Wednesday, 22 January 2020

Smoke Fairies - Darkness Brings The Wonder Home


Darkness Brings The Wonder Home is Smoke Fairies' sixth album, their first since 2014's self-titled fourth album and their Christmas-themed Wild Winter records. It's an evocative descriptive record to mark their comeback, bringing guitars very much to the fore to act as the counterpoint to the often mysterious and dark lyrics that run throughout.

On The Wing opens up proceedings and sets the album's stall out early. Jessica and Katherine recorded the album in Seattle and there's elements of the city's sound in this record, a harder edge to it than its predecessors, yet without discarding their ability to craft swirling soundscapes that draw you in and lyrics that are doused in mystery in parts and sublime clarity in others. On The Wing evocatively makes references to birds throughout - "did you wake with feathered skin?" and "got talons growing from your legs" - using metaphors to cleverly create visions in the listener's head.

The last single from the album Elevator announces itself with a bold guitar riff and lyrics that use analogies of travelling in the humble lift to describe the ups and downs of something more serious than a passing glance. The chorus declares "It goes up and down, from each floor to ground, makes a ringing sound, what are you so scared of?" whilst as the song progresses they get "stuck between floors, between my mind and yours" to describe the emotional no-mans land that we often find ourselves in. Disconnect deals in the wish to switch off from the world, close down the mind and free oneself from all the trials and tribulations of life and find some peace - looking for the other party in the song to teach them how to distance themselves from everything - "lost in your own world, you're looking for no one." Musically there's an edge to the song, like what's gone before, the guitars at the forefront.

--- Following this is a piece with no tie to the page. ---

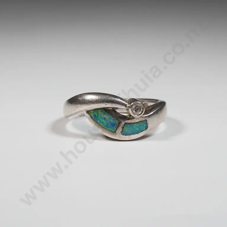 Sterling Silver Enamel & White Stone Ring
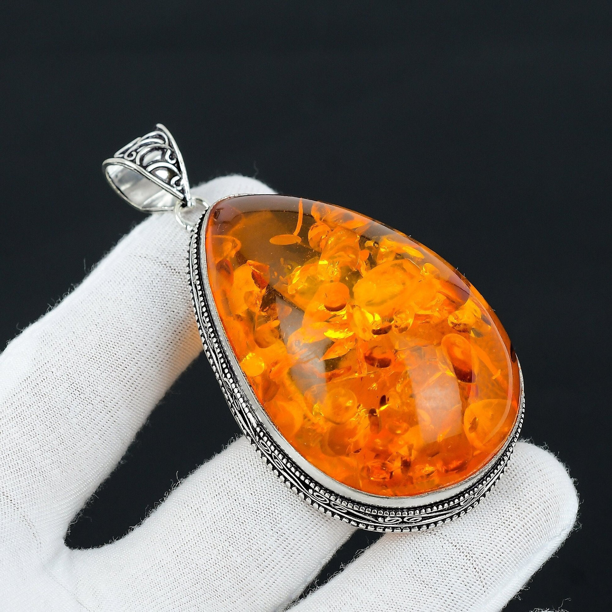 - Unique Design: Crafted with a stunning teardrop-shaped amber, each piece is uniquely set with intricate patterns and rich, warm hues.

Coffee Shop Blues slows things down, although there's a rigid strength to the music with the guitars taking centre stage again that ensures that the song never drifts, a reflecting reminiscence of youth as time moves on, unsettled and constantly shifting to try and find happiness - "I lost it too soon, I was only 19, I 'd only found my scene, all wrapped up in coffee shop blues, I wanted life more than anything." Left To Roll starts with delicious vocal harmonies that contradict the darkness of the lyrics to which there's a restlessness and uncertainty that runs throughout it - "Can you say you’ll stick with me until the seas have dried? Not if you can’t cure my wandering mind." This is particularly evident in the song's extended middle section where there's a juxtaposition between the harmonies and guitars that creates a tension that doesn't need words to express it.

Out Of The Woods conjures up images of dark woods and forests, all tangled roots, cold and rotting leaves and "spineless things" as an analogy for the intricacies of modern-day relationships, demanding of the song's protagonist "when you going to come out of the woods? come crawling through the trees." The vocals add intensity to the words, the crisp production on them ensuring each intonation adds impact to their meaning. The album's most succinct lyrics come on Chocolate Rabbit - "You’re like a chocolate rabbit, you're hollow inside, you leave me unsatisfied is simply descriptive and dismissive of the song's subject although as the song progresses the rabbit is being pushed away from the complications of the potential relationship to where life could be sweeter.


The dramatic tension returns for Chew Your Bones, the instrumental opening section setting the tone for the rest of the song as the opening line asks the question "what did you see when the lights came up?" and then the song gives up the album's title. It's a song that holds your attention as you're drawn into it and unable to escape. Don't You Want To Spiral Out Of Control picks up the pace as the title's question is posed on the back of the statement "if you've got a hole to fill, you've got to make the kill" as the guitars create a spiky unsettling atmosphere throughout the song like ideas running through a restless mind. The album concludes with Super Tremelo, the album's most intense moment as there's a claustrophobic cloying feel to the words that come at you as they question sanity in a world of noises in the darkness and the buzzing of fluorescent lights as insomnia and bad dreams kick in.

That Darkness Brings The Wonder Home got made at all feels like something of a triumph, the nature of the industry now set against artists that are more focused on their art than sales figures. There was always something magical about Smoke Fairies, particularly live, that stood them out from their contemporaries yet that doesn't pay the bills. Yet this feels from the very start like a record they had to make, to get out of their system. It has a harder edge than most of their work to date yet achieves this without diluting their uniqueness or their message.

Darkness Brings the Wonders Home is released on January 31 and there is an exclusive Dinked edition available at some independent stores as well as a gold signed vinyl available from their store.

They play the following dates : Manchester Piccadilly Records acoustic set (January 31), Manchester Soup Kitchen (February 1), Leeds Oporto (2), Norwich Arts Centre (3), Oxford Bullingdon (5), London Hoxton Hall (6), Birmingham Sunflower Lounge (7), Bristol Rough Trade (8) and Portsmouth The Square Tower (9).